Barack Obama's rejection of public financing for the general election confronts us with a stark choice: Rethink the system or let it die. The current program has failed to generate sustained public support for good reason. It puts citizens on the sidelines and merely involves the bureaucratic transfer of funds from the Treasury to candidates who voluntarily forego private money. Given the lack of direct citizen involvement, it's not surprising that fewer than 10 percent of Americans support the campaign fund by checking off a box on their tax forms.
It is tempting, but wrong, to suppose that Obama's success in mobilizing small donors shows that a deeper reform isn't necessary. Few candidates will be able to match his success, and most small donations come from relatively rich people. A study of $100 contributions in 2005 showed that more than half came from individuals earning $75,000 to $250,000 at a time when the average income was $46,000.
But Obama's success does show that ordinary Americans want a system that places them at the very center of campaign finance. For more than a decade, we have been working with many other scholars and activists to develop just such a paradigm. Under our proposal, Congress would provide each voter with a special credit-card account containing up to 50 "patriot dollars" that they could spend only on federal election campaigns.
Armed with their cards, voters could send their patriot dollars to favored candidates and political organizations at times of their own choosing. They would also be free to give private money, subject to the limitations of the McCain-Feingold Law. But patriotic finance would push the system much closer to the ideal of equal citizenship that prevails on Election Day, when each of us casts an equal ballot regardless of our private wealth.
About 120 million Americans went to the polls in 2004. If they also had a chance to vote with patriot dollars, they would have injected $6 billion of federal funds into the campaign -- greatly diluting the $3 billion of private contributions spent by all candidates for federal office during that election. That would be a small price to pay to democratize the system.
Our plan would also impose effective restraints on super-rich candidates. Plutocrats would be given a choice: Either accept a stringent limitation on self-financing or forego access to the pool of 6 billion patriot dollars. Even billionaires will have an overwhelming incentive to opt into the program lest their opponents get all the patriot dollars that would otherwise go to them. Why spend $500 million of your own money if this will allow your closest rival to raise hundreds of millions of patriot dollars that you might have obtained by operating within the public system?
This point gains added importance now that the Supreme Court has struck down the "millionaire's amendment" to McCain-Feingold. Justice Alito, writing for the majority, held that it is unconstitutional to relax contribution limits for ordinary candidates facing rich rivals who reject spending limits. Our plan creates a massive incentive for plutocrats to limit their private spending and join the public funding system, without raising similar constitutional problems.

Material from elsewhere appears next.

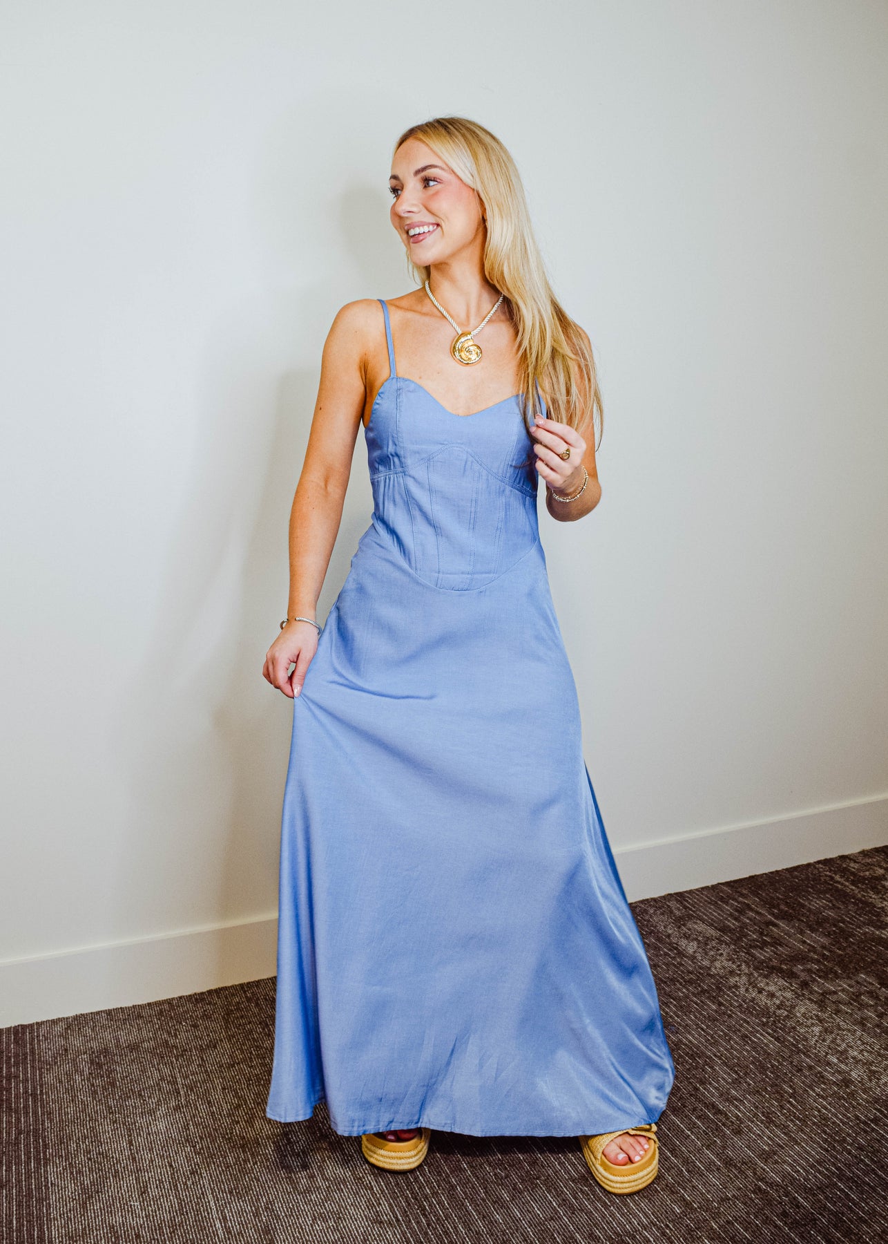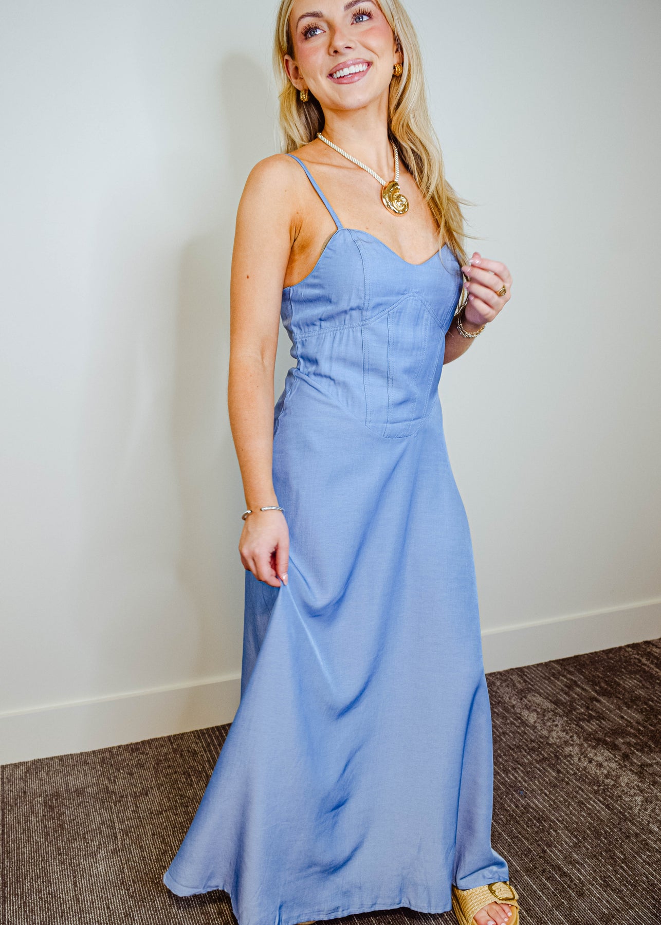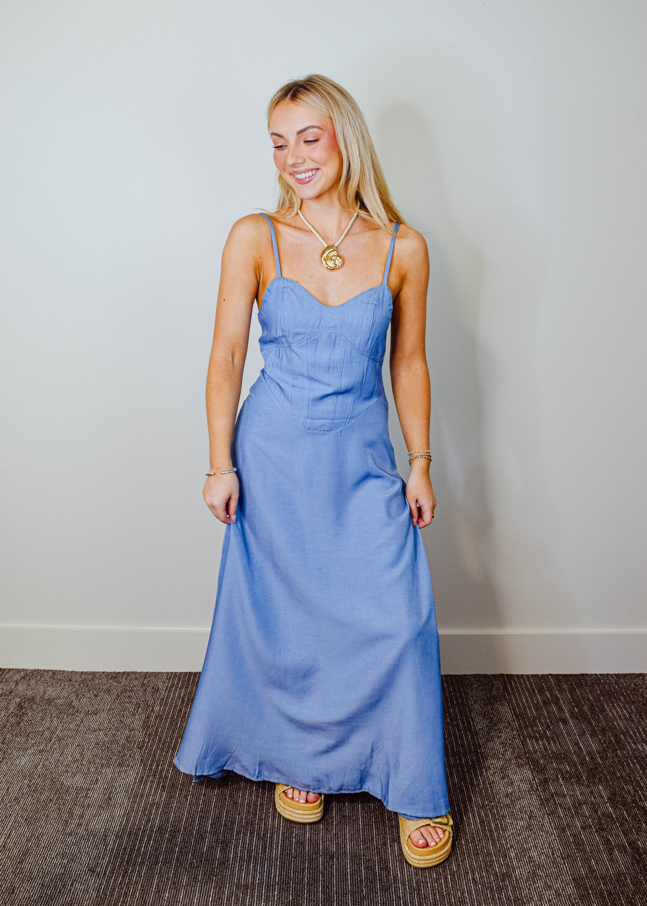 Effortlessly chic and made for sunlit days, this denim maxi dress features slim spaghetti straps and a flattering sweetheart neckline. The structured bodice highlights your silhouette, while the full-length skirt flows with ease. Crafted from soft, medium-wash denim, it strikes the perfect balance between casual and elevated. Pair it with sandals or boots for a versatile look that moves from day to night with ease.

Patriotic finance also avoids some big weaknesses of McCain-Feingold. Current law tries to limit big money by restricting the flow of private funds into politics. But this restrictionist approach generates two problems. It inevitably reduces the amount of political debate -- less money means less speech. And it distorts the balance of power between incumbents and challengers. Officeholders have public reputations generated by high visibility, and challengers need lots of cash to offset this advantage. So drastic restrictions on private funds allow incumbents to tighten their grip on power under the banner of reform.
Patriot dollars, by contrast, promise more speech and more political competition. They will also reinvigorate broad popular support for public finance. Once ordinary Americans get into the habit of voting with their patriot dollars, they will punish any politician who seriously proposes a return to the bad old days when candidates relied exclusively on private money.
This is precisely where Sen. Obama is leading us. While Sen. McCain is sticking to public finance for the fall, it is only a matter of time before Republicans regain their natural advantage in private fundraising. When the next Democratic Congress eliminates the Bush tax cuts for the super-rich, this will predictably generate a tidal wave of money to conservative candidates. By 2012 or so, Republicans will be citing Obama's precedent as they repudiate a system that once had such great promise. Given his role in destroying the hopes of the last generation of reformers, Sen. Obama has a special obligation to make good on his rhetoric of change and advance a new program of public finance that builds on his own success in mobilizing small contributors.
Patriot dollars are no panacea. They do not promise a political utopia purged of special interests. But they would allow ordinary Americans to compete effectively with the rich, giving them a realistic chance to shape democratic politics long before they cast their ballots in November.
Bruce Ackerman and Ian Ayres are professors of law at Yale and authors of Voting with Dollars (Yale University Press), which elaborates their proposal and provides a model statute.